Composite Number Sequences

Inspired by this question

Given a positive integer n, your code must output the first n composite numbers.

Input / Output

You may write a program or a function. Input is through STDIN or function argument and output is to STDOUT, or function return value.

Output can be a List, Array, or String.

Examples

 0 -> 
 1 -> 4
 2 -> 4, 6
 3 -> 4, 6, 8
13 -> 4, 6, 8, 9, 10, 12, 14, 15, 16, 18, 20, 21, 22

Rules

  • As always standard loopholes are disallowed.

  • Built-ins that generate prime or composite numbers are not allowed.

  • Built-ins relating to prime or composite numbers are not allowed.

14 Answers 14

up vote 11 down vote accepted

Pyth - 10 bytes

A valid answer. Uses Wilson's Theorem.

.f%h.!tZZQ

Try it online here.


Old answer

Pyth - 6 chars

Uses builtin for prime factorization, not prime checking.

.ftPZQ

Try it online here.

.f  Q         First n that passes filter of lambda Z, uses input for how many
 t            Tail. This makes all that have len-one prime factorization become empty list, and thus falsey.
  P           Prime factorization - primes have a len-one factorization.
   Z          Lambda var
  • Hm, should of thought about that :/ – Downgoat Sep 8 '15 at 3:44
  • 1
    The rules have changed and thus this answer is no longer valid. – orlp Sep 8 '15 at 4:18
  • @orlp updated answer. – Maltysen Sep 8 '15 at 5:10
  • @Maltysen Isn't this 10 bytes? – kirbyfan64sos Sep 8 '15 at 18:35
  • @kirbyfan64sos :/ I apparently can't read the length counter. Fixing. – Maltysen Sep 9 '15 at 2:28

Pyth, 11 bytes

<S{*M^tSQ2Q

Generates overly large list of products of all combinations of [2, n] and truncates.
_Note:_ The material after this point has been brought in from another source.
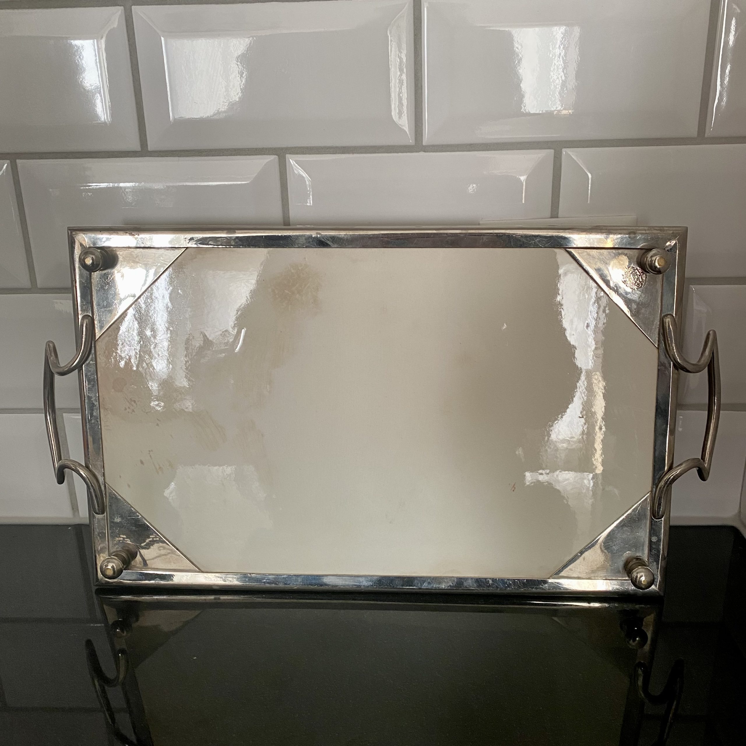 Produit venduPlateau sur pieds en porcelaine et argent.

  • It does not work if the input is 1 or 2. – Toothbrush Sep 10 '15 at 20:52

TeX, 382 bytes

Because you can.

\newcount\a\newcount\b\newcount\c\newcount\n\newcount\p\newcount\q\let\v\advance\let\e\else\let\z\ifnum
\def\d#1:#2:#3:{\z#1>#2\v#1 by-#2\d#1:#2:#3:\e\z#1=#2#3=1\e#3=0\fi\fi}
\def\i#1:#2:#3:{#3=0\z#1>#2\a=#1\d\a:#2:\c:
\z\c=0\b=#2\v\b by 1\i#1:\the\b:#3:\e#1\par\fi\e#3=1\fi}
\def\l#1:#2:#3:#4:{\i\the#1:2:#4:
\z#4=0\v#2 by 1\fi\z#2<#3\v#1 by 1\l#1:#2:#3:#4:\fi}
\l\p:\n:10:\q:\end

The number in the last line is the number of composite numbers you want to have.
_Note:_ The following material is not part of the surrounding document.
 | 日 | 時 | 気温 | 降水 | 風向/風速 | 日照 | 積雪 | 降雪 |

This is a simple divisor tester. \d checks if #2 divides #1. \i calls \d for all possible dividers (i.e. < #1). \l lists the first #2 numbers for which \i returns 0.
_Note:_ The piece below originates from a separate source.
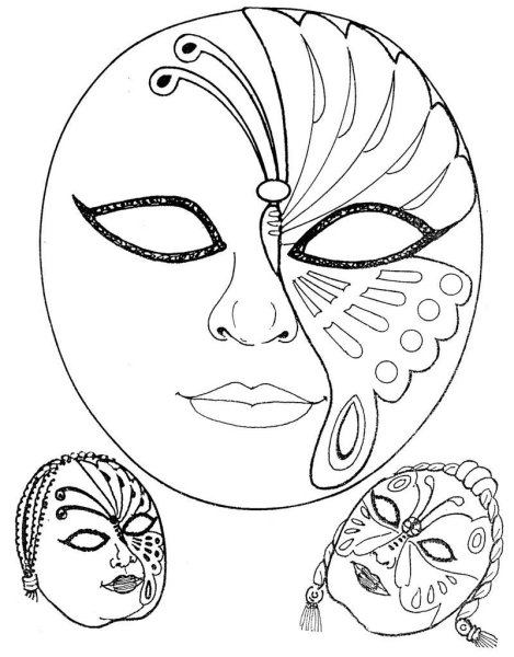 ![Венецианская маска раскраска]()

Ungolfed (well, half-golfed) version:

\newcount\a
\newcount\b
\newcount\c
\newcount\n
\newcount\p
\newcount\q

\def\div#1:#2:#3:{%
  \ifnum#1>#2 %
    \advance#1 by-#2 %
    \div#1:#2:#3:%
  \else%
    \ifnum#1=#2 %
      #3=1%
    \else%
      #3=0%
    \fi%
  \fi%
}

\long\def\isprime#1:#2:#3:{%
  #3=0%
  \ifnum#1>#2 %
    \a=#1 %
    \div\a:#2:\c: %
    \ifnum\c=0 %
      \b=#2 %
      \advance\b by 1 %
      \isprime#1:\the\b:#3:%
    \else
      #1\par%
    \fi%
  \else%
    #3=1%
  \fi%
}

\def\listprimes#1:#2:#3:#4:{%
  \isprime\the#1:2:#4: %
  \ifnum#4=0 %
    \advance#2 by 1 %
  \fi
  \ifnum#2<#3 %
    \advance#1 by 1 %
    \listprimes#1:#2:#3:#4: %
  \fi
}

\listprimes\p:\n:11:\q:

\end
  • 1
    Welcome to Programming Puzzles and Code Golf! Great first answer in a language nobody thought would be suitable for the challenge. Although it is pretty long, it is unique and neat answering in TeX and we certainly appreciate such answers. – TanMath Jan 25 '16 at 10:29
  • 1
    @TanMath thanks for the warm welcome, I realize this is too long to compete, but it was fun :) – Keelan Jan 25 '16 at 10:29

Python, 57

lambda n:sorted({(k/n+2)*(k%n+2)for k in range(n*n)})[:n]

Less golfed:

def f(n):
 R=range(n)
 return sorted({(a+2)*(b+2)for a in R for b in R})[:n]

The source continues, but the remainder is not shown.